◆ TASK PROMPT
Print the lines below from the line with "Kabuki Beret, Purple" to the line with "Shoe Bespoke handmade" exactly, keeping both ends, and print no pictures.

◆ RECORD SET
------------

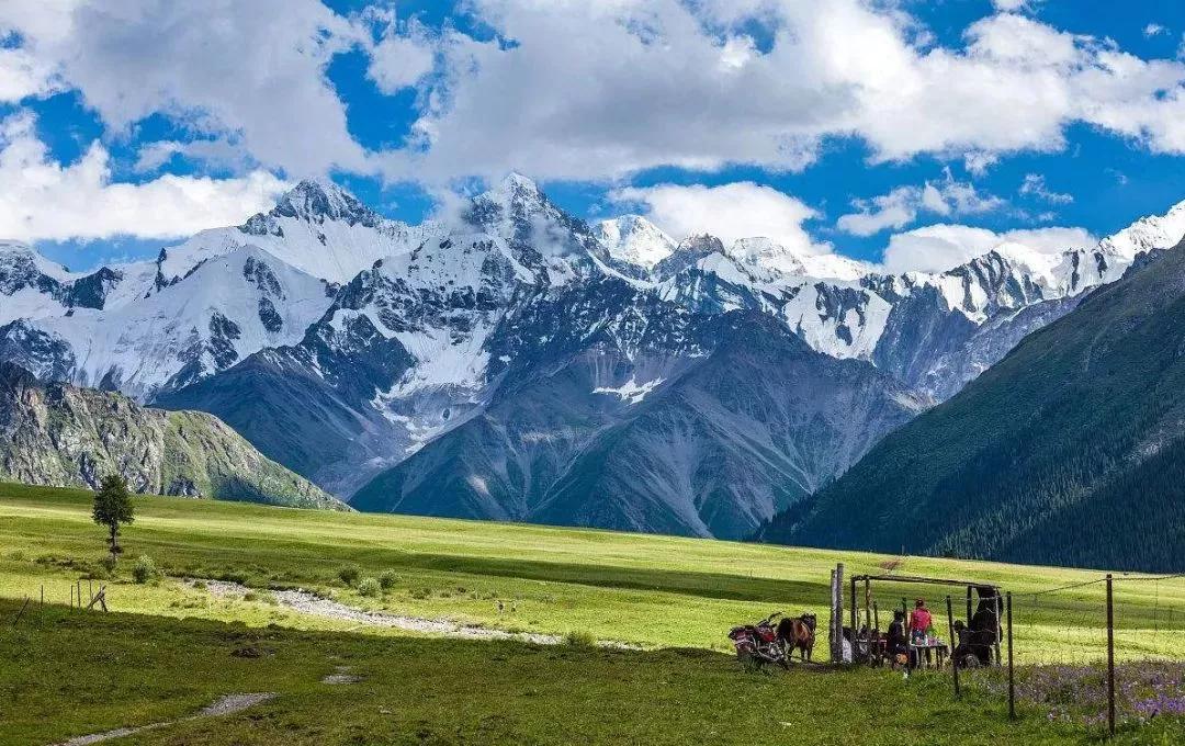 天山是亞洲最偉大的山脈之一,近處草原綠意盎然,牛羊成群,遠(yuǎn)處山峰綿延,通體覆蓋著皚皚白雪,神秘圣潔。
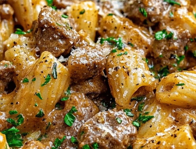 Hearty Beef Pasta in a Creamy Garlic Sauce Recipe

------------

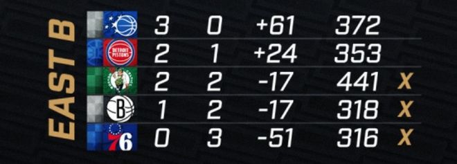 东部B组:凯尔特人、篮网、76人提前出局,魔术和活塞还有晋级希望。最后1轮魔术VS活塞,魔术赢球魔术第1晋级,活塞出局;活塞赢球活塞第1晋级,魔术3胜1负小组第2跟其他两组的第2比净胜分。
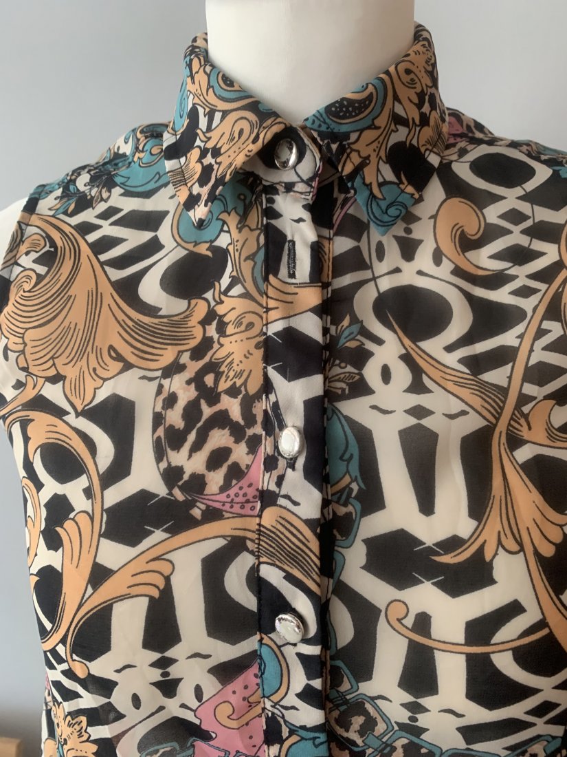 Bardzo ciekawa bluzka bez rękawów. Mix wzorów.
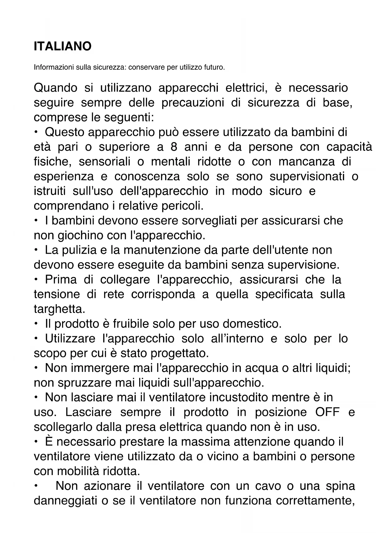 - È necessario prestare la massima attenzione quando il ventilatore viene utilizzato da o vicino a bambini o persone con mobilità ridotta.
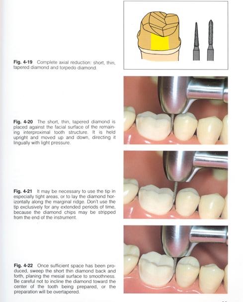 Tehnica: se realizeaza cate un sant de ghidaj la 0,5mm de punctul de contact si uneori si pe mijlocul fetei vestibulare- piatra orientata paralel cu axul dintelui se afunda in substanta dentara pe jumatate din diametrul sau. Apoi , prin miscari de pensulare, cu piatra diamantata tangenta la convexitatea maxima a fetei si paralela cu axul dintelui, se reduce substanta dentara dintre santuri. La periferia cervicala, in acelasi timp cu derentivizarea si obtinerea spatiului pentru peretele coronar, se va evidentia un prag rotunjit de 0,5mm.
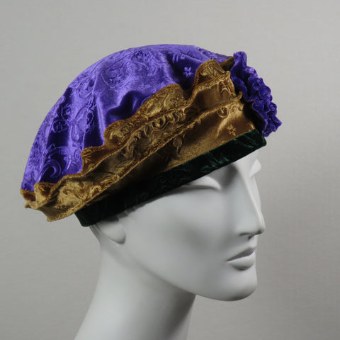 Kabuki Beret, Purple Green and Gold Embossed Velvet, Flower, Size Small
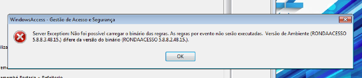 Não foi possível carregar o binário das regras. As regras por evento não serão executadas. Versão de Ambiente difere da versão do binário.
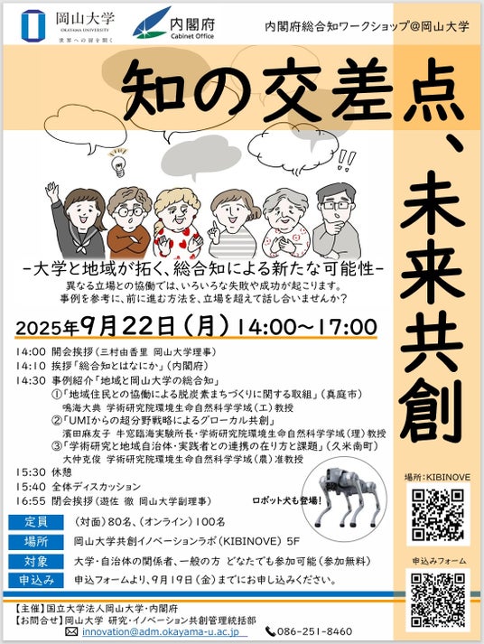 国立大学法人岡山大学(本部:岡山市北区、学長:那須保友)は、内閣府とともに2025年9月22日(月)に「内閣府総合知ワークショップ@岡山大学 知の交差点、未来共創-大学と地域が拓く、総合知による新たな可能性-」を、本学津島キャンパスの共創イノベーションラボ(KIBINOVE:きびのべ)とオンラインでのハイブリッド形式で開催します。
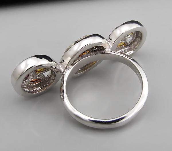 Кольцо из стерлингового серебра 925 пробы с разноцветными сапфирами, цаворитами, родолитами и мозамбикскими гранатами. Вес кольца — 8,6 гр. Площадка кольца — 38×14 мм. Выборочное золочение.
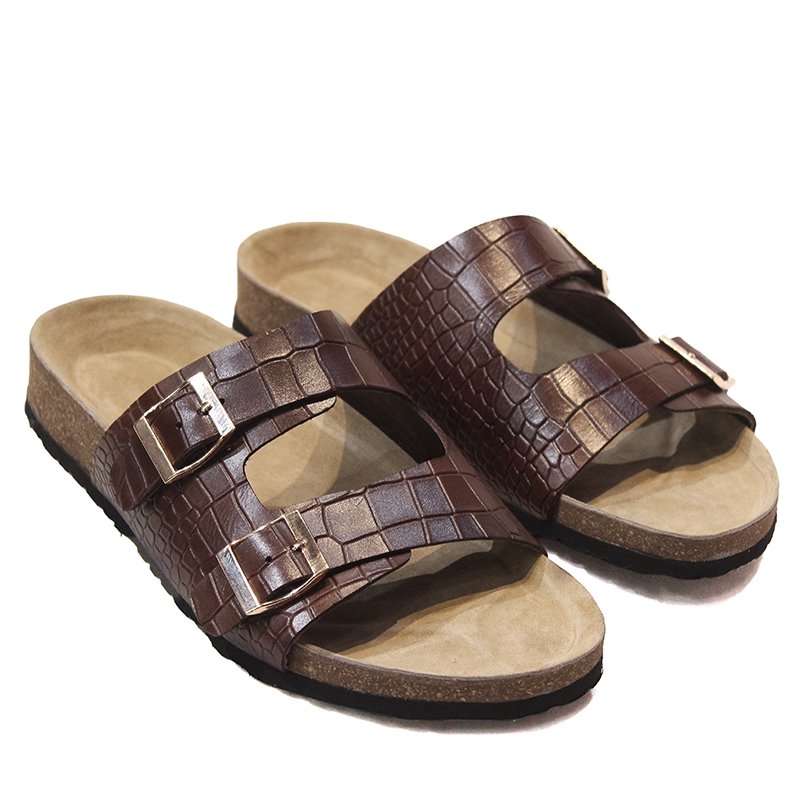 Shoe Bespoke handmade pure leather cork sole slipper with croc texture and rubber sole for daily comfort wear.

------------

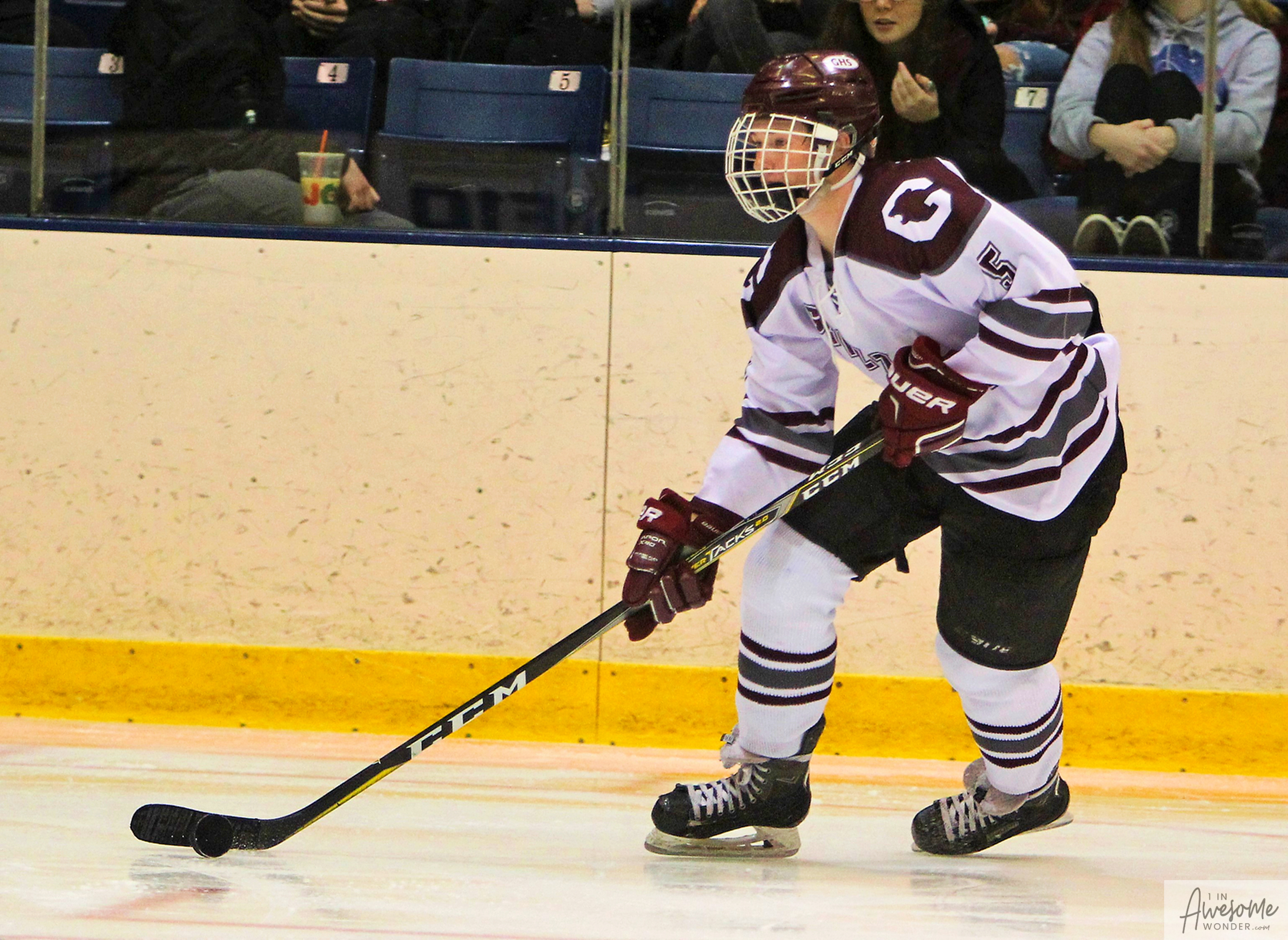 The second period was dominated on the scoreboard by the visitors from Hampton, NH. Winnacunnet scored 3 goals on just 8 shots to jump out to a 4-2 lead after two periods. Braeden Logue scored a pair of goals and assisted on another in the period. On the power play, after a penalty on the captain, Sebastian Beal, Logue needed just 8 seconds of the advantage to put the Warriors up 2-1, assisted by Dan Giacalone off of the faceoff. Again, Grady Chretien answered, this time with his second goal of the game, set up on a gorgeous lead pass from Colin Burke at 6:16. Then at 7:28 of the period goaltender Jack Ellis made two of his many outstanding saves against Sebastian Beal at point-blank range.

------------

◆ ANSWER TO THIS EXERCISE
 Kabuki Beret, Purple Green and Gold Embossed Velvet, Flower, Size Small
 Não foi possível carregar o binário das regras. As regras por evento não serão executadas. Versão de Ambiente difere da versão do binário.
 国立大学法人岡山大学(本部:岡山市北区、学長:那須保友)は、内閣府とともに2025年9月22日(月)に「内閣府総合知ワークショップ@岡山大学 知の交差点、未来共創-大学と地域が拓く、総合知による新たな可能性-」を、本学津島キャンパスの共創イノベーションラボ(KIBINOVE:きびのべ)とオンラインでのハイブリッド形式で開催します。
 Кольцо из стерлингового серебра 925 пробы с разноцветными сапфирами, цаворитами, родолитами и мозамбикскими гранатами. Вес кольца — 8,6 гр. Площадка кольца — 38×14 мм. Выборочное золочение.
 Shoe Bespoke handmade pure leather cork sole slipper with croc texture and rubber sole for daily comfort wear.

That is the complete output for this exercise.